Donnerstag, Juli 02, 2015

Reinrollen nach Plowdiw

Krichim am nächsten Morgen

Da es eine einfache Etappe ist mal was über das Essen. Als ich letztens die Shkembe-Suppe probierte war ich schon enttäuscht, sehr lasch. Ich habe zwar von allen Ingredenzien, die mir hingestellt worden, was rein getan. Aber zu wenig. Jetzt habe ich schon viel mehr gelernt. Der Bulgare an sich will individuell nach würzen. Das geht beim Salat los, und das gilt besonders für die Shkembe.
Würze für die Shkembe
Hauptzutat ist der mit Knoblauch-Spänen versetzte Essig.
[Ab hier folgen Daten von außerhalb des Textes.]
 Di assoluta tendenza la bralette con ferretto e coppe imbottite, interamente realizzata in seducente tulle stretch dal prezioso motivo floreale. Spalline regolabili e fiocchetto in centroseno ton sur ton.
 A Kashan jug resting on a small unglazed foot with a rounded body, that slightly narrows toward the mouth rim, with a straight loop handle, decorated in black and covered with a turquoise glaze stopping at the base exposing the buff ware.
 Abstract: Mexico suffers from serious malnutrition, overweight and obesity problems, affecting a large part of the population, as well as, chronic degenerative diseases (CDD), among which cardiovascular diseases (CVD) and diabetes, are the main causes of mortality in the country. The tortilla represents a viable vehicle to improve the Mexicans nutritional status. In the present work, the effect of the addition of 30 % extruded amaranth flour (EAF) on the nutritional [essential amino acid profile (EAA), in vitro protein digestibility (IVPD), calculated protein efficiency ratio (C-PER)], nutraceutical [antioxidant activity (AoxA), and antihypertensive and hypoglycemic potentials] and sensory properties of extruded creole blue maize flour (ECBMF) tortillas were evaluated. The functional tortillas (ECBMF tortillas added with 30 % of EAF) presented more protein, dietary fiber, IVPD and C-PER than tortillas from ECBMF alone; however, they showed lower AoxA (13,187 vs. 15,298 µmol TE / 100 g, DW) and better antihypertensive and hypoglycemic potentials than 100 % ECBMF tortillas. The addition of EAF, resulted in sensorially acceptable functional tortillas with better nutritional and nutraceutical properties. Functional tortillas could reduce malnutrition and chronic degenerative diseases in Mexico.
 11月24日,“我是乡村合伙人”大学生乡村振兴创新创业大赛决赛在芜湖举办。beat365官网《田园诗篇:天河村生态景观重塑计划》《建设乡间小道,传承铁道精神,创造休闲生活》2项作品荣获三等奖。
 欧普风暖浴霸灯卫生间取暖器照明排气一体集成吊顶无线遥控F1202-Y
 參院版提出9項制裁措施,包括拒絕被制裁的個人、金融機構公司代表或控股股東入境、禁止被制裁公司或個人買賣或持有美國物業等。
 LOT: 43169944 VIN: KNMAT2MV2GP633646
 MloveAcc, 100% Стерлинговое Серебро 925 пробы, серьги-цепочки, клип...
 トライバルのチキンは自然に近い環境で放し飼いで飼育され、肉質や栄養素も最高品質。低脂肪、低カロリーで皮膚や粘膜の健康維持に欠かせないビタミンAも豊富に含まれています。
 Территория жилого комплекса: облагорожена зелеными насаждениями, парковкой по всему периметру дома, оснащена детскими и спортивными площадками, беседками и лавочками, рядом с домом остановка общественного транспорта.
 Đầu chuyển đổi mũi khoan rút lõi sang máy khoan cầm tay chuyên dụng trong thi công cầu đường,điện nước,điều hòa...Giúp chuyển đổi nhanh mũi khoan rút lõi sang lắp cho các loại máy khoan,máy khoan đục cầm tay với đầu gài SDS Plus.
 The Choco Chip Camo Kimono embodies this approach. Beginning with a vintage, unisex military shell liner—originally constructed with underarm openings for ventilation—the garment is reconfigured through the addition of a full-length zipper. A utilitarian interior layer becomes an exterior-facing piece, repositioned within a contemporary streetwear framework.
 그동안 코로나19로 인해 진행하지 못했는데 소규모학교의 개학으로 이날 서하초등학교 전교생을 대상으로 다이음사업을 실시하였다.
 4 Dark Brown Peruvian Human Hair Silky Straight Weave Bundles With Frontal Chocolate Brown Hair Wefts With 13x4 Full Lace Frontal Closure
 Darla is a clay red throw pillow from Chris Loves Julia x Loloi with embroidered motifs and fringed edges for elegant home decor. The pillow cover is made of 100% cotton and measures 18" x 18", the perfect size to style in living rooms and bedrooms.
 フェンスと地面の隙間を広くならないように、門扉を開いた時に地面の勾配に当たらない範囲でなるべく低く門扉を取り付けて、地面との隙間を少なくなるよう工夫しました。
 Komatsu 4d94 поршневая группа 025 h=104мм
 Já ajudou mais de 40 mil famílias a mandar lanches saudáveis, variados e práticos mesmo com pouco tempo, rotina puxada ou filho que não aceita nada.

Dann noch Salz und Pfeffer. Wenn man von dem Essig ordentlich dazu tut, schmeckt es aber wie unsere saure Flecke. Nach dem heutigen Versuch also künftig abgewählt. Zum Shkembe-Frühstück gehört noch ein großes Glas Joghurt, was wirklich lecker ist. Bei dem reichlichen Fleischgenuss gehört nämlich ein Katalysator in den Verdauungsreaktor. Insgesamt darf ich schreiben, immer weiter nach Osten wird die Küche komplexer. Hier in Bulgarien gibt es für den Kartoffelfan wohlschmeckende Zubereitungen mit sirene, dem Weiskäse. Es gibt viele Pfannengerichte und scharf angebratenes Geschnetzeltes. Bestimmt wird kein Teil eines bulgarischen Huhnes nach Afrika exportiert. Ich habe heute in einer wunderbar würzigen Pfanne diverse innere Organe vom Flugvieh verspachtelt.
Jetzt gegen 11 Uhr abends leiste ich mir aber ein wenig Dekadenz: Ich besuche die Whisky-Library in Plowdiw und gönne mir einen Islay Single Malt 15 YO Bowmore. Morgen wieder!